• **Assigned task**
Skip every image and restate the data word for word.

• **Data extract**
[Start of section]

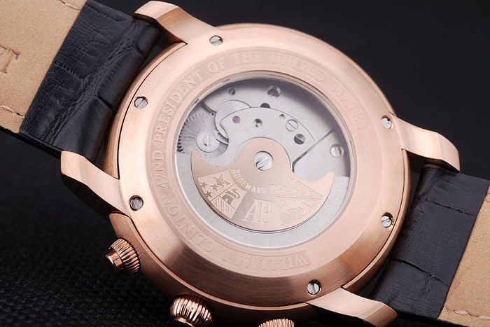 金メッキステンレススチールのケースをバラ:熱で黒ワニ革ストラップは、オーデマピゲの名称とロゴをエンボス加工し、オーデマピゲは18Kを内接ローズゴールドのブレスレットの長さ
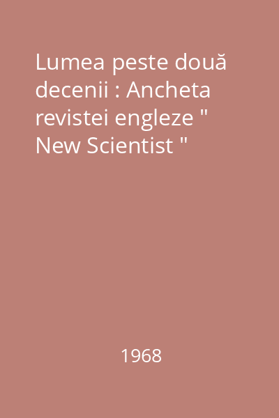| Titlu | Lumea peste două decenii : Ancheta revistei engleze " New Scientist " |
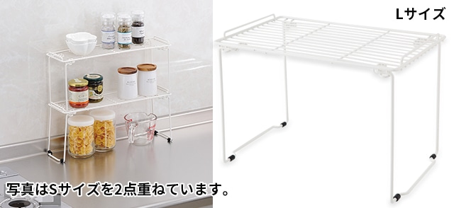 棚同士で積み重ねることができ、SサイズからLLサイズまでご用意しておりますので、スペースにあわせた収納を作ることができます。

[End of section]

• **Answer box**
 金メッキステンレススチールのケースをバラ:熱で黒ワニ革ストラップは、オーデマピゲの名称とロゴをエンボス加工し、オーデマピゲは18Kを内接ローズゴールドのブレスレットの長さ
| Titlu | Lumea peste două decenii : Ancheta revistei engleze " New Scientist " |
 棚同士で積み重ねることができ、SサイズからLLサイズまでご用意しておりますので、スペースにあわせた収納を作ることができます。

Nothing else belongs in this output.